Living up to Death

Paul Ricoeur, David Pellauer (Trans.), Living up to Death, University of Chicago Press, 2009, 108pp., $22.50 (hbk), ISBN 9780226713496.

Reviewed by Charles Reagan, Kansas State University

This is a strange book requiring a strange review. It is the publication of some of Paul Ricoeur's previously unpublished writing, which he himself did not intend to publish. The first part of the book comes from notes he made in 1995-96 on the topic of death. After they were written, they were left in a folder and he never returned to them again. In the second part of the book are some of the "fragments" he wrote during his last days, mostly brief reflections on topics which preoccupied him such as life and death, Christianity, his faith and his philosophy, the Bible, his friend Jacques Derrida and resurrection. There is a Preface by Olivier Abel, a long-time friend of Ricoeur's and a Postface by Catherine Goldenstein, also a very close friend for his last ten years.
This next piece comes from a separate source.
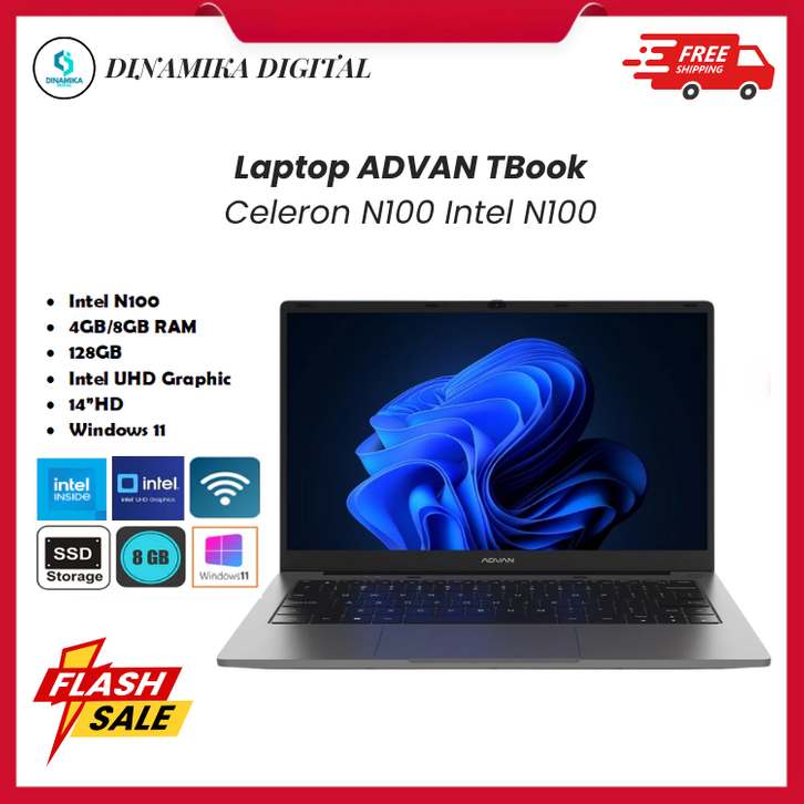 Laptop Advan Tbook Celeron N100 Intel N100 4gb/128gb (Upgradabe) 14" Hd Free Windows 11 Garansi Resmi 1 Tahun

I would recommend that the reader begin with Catherine Goldenstein's Postface because it explains the origin of the texts and why she thought they should be published. Ms. Goldenstein, a member of the Protestant temple in Chatenay-Malabry, befriended the Ricoeurs in the early 1990s, when Ricoeur's wife Simone was in declining health. Ms. Goldenstein came to their house most afternoons to have conversation and tea with the Ricoeurs and was especially important to Simone when Ricoeur was lecturing in other cities. She helped Ricoeur in his mourning for Simone after her death in 1998 and was especially helpful to him in his last year of decline.